### SUPPLIED ENTRIES
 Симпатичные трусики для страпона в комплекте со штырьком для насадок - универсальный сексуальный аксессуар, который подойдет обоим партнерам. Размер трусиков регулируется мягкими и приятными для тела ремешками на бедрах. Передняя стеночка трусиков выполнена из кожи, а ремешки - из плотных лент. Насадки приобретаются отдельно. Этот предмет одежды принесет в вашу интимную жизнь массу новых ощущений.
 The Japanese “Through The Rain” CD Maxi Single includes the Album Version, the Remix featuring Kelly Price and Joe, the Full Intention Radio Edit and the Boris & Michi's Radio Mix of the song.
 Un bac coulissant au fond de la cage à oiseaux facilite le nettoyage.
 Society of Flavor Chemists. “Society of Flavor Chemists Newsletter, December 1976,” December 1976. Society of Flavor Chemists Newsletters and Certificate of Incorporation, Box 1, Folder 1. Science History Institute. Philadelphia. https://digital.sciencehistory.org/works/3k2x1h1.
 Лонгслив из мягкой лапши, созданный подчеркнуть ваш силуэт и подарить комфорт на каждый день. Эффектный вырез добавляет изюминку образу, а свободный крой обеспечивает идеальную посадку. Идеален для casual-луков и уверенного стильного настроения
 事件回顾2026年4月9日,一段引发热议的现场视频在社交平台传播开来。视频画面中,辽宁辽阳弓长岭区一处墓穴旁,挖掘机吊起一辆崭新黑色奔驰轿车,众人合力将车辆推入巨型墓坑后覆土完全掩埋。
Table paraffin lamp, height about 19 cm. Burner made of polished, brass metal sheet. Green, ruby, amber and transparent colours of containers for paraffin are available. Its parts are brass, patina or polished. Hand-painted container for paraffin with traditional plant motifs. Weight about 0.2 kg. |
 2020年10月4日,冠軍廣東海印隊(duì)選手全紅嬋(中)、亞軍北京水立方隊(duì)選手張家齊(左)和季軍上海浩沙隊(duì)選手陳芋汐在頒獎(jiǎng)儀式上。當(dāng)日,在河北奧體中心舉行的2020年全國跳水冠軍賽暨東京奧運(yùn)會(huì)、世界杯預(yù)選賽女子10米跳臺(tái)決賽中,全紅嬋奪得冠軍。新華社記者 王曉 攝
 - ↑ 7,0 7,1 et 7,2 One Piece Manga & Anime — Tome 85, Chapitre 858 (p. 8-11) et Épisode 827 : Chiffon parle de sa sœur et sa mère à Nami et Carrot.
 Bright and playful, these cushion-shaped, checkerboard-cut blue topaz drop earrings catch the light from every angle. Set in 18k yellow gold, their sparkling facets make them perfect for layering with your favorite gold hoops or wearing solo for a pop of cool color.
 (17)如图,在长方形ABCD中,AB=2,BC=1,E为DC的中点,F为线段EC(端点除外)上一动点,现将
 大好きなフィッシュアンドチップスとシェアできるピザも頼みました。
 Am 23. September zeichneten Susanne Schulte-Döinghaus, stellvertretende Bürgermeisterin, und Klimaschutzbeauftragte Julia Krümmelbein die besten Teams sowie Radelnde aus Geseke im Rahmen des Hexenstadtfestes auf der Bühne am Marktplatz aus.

### EXERCISE BRIEF
From the material above, please return each line containing "with".

### PROBLEM SOLUTION
Table paraffin lamp, height about 19 cm. Burner made of polished, brass metal sheet. Green, ruby, amber and transparent colours of containers for paraffin are available. Its parts are brass, patina or polished. Hand-painted container for paraffin with traditional plant motifs. Weight about 0.2 kg. |
 Bright and playful, these cushion-shaped, checkerboard-cut blue topaz drop earrings catch the light from every angle. Set in 18k yellow gold, their sparkling facets make them perfect for layering with your favorite gold hoops or wearing solo for a pop of cool color.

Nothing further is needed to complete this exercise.